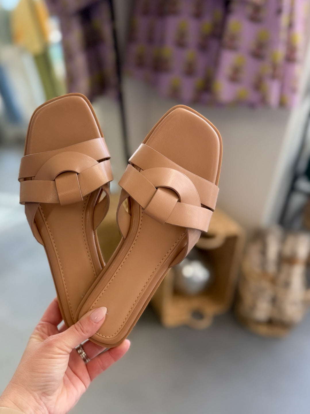 Our Autumn Sandals in camel are the perfect everyday sandal to add to your collection! Pair them with everything from shorts to skirts to jeans to dresses! knot strap detail. Side on. Flat Sandal. Fit True to size.
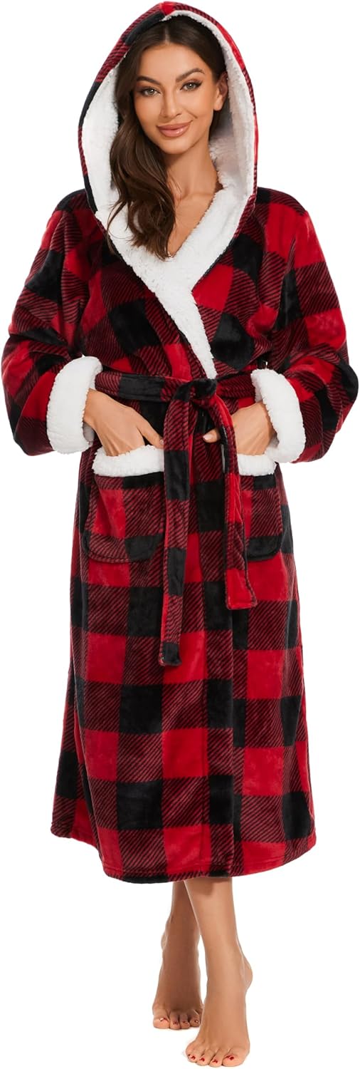 iniber Plush Robes for Women, Womens Robe Long, Fuzzy Fluffy Soft Warm Fleece Hooded Bathrobe
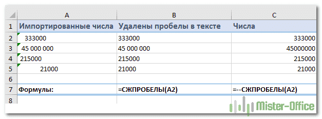 Как убрать пробелы в числах в Excel
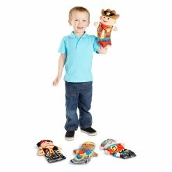 • Four soft hand-puppets in a “bold buddies” theme: knight, pirate, sheriff, and superhero
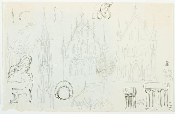 Henri Cameré created this pencil drawing entitled 'Designs for table pieces, candlesticks and jardinières'. These sketches illustrate the cultural significance of decorative arts in the 18th and 19th centuries, particularly within elite social circles. During this period, elaborate table settings and ornamental objects were potent symbols of wealth and status. These sketches of candelabras and jardinières reflect the institutional and social forces that shaped artistic production. The design of these objects, often incorporating classical motifs and intricate details, speaks to the prevailing aesthetic tastes of the time. By studying sketches like these in conjunction with period documents, letters, and auction catalogs, we can better understand the cultural values and social structures that informed artistic creation. Approaching art history in this way highlights the vital role of historical context in interpreting works of art.
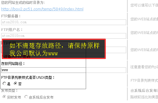 如果是独立购买的开云建站盒子,还需要输入ftp服务器中的网站目录等信息,如不清楚请保持原样,或者咨询主机提供商业。
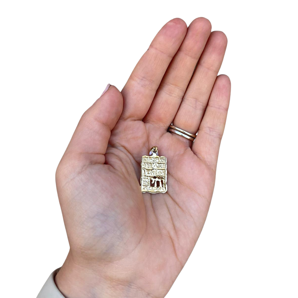 This is a pendant not only full of meaning but full of beauty as well. The design and craftsmanship executed to perfection making this 14k gold Kotel Chai Jerusalem pendant a one of a kind piece of jewelry.
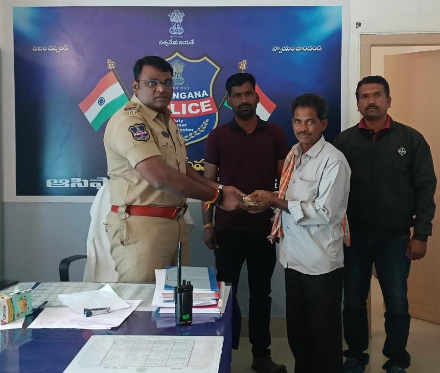 నేటి సాక్షి, కొమరం భీమ్ ఆసిఫాబాద్:ఆసిఫాబాద్ పట్టణంలోని స్టేట్ బ్యాంక్ ఆఫ్ ఇండియా (SBI) శాఖలో పోగొట్టుకున్న రూ.50 వేల నగదును పోలీసుల సకాలంలో తీసుకున్న చర్యలతో గుర్తించి బాధితుడికి అందజేసినట్లు ఆసిఫాబాద్ సీఐ బాలాజీ వరప్రసాద్ తెలిపారు.వివరాల్లోకి వెళితే, శనివారం ఆసిఫాబాద్ మండలం అప్పపల్లి గ్రామానికి చెందిన బాపురాం SBI బ్యాంకులో రూ.2 లక్షల నగదును విత్డ్రా చేశారు. అనంతరం బ్యాంకులోనే కూర్చొని నగదును లెక్కపెట్టే క్రమంలో రూ.50 వేలును పక్కన పెట్టి మర్చిపోయారు. ఇంటికి వెళ్లిన తర్వాత నగదును పరిశీలించగా రూ.50 వేలు తక్కువగా ఉన్నట్లు గుర్తించి వెంటనే ఆసిఫాబాద్ పోలీస్ స్టేషన్లో ఫిర్యాదు చేశారు.ఫిర్యాదు అందుకున్న వెంటనే పోలీసులు బ్యాంకులోని సీసీ కెమెరా ఫుటేజీలను పరిశీలించి, అక్కడ మర్చిపోయిన నగదును తీసుకెళ్లిన వ్యక్తిని గుర్తించారు. అతడిని సంప్రదించి రూ.50 వేల నగదును స్వాధీనం చేసుకుని, పూర్తి విచారణ అనంతరం బాధితుడు బాపురాంకు సీఐ బాలాజీ వరప్రసాద్ చేతుల మీదుగా నగదును అందజేశారు.పోలీసుల వేగవంతమైన దర్యాప్తు, బాధ్యతాయుతమైన చర్యలతో బాధితుడికి న్యాయం చేయడంపై జిల్లా ఎస్పీ నితిక పంత్ ఆసిఫాబాద్ పోలీసులను అభినందించారు.

....

◆ **EXERCISE AIM**:
Starting with the line that has "sheriff, and superhero" and ending with the line that has "This is a pendant", repeat the lines above exactly, omitting every picture.

◆ **WRITTEN ANSWER**:
 • Four soft hand-puppets in a “bold buddies” theme: knight, pirate, sheriff, and superhero
 Henri Cameré created this pencil drawing entitled 'Designs for table pieces, candlesticks and jardinières'. These sketches illustrate the cultural significance of decorative arts in the 18th and 19th centuries, particularly within elite social circles. During this period, elaborate table settings and ornamental objects were potent symbols of wealth and status. These sketches of candelabras and jardinières reflect the institutional and social forces that shaped artistic production. The design of these objects, often incorporating classical motifs and intricate details, speaks to the prevailing aesthetic tastes of the time. By studying sketches like these in conjunction with period documents, letters, and auction catalogs, we can better understand the cultural values and social structures that informed artistic creation. Approaching art history in this way highlights the vital role of historical context in interpreting works of art.
 如果是独立购买的开云建站盒子,还需要输入ftp服务器中的网站目录等信息,如不清楚请保持原样,或者咨询主机提供商业。
 This is a pendant not only full of meaning but full of beauty as well. The design and craftsmanship executed to perfection making this 14k gold Kotel Chai Jerusalem pendant a one of a kind piece of jewelry.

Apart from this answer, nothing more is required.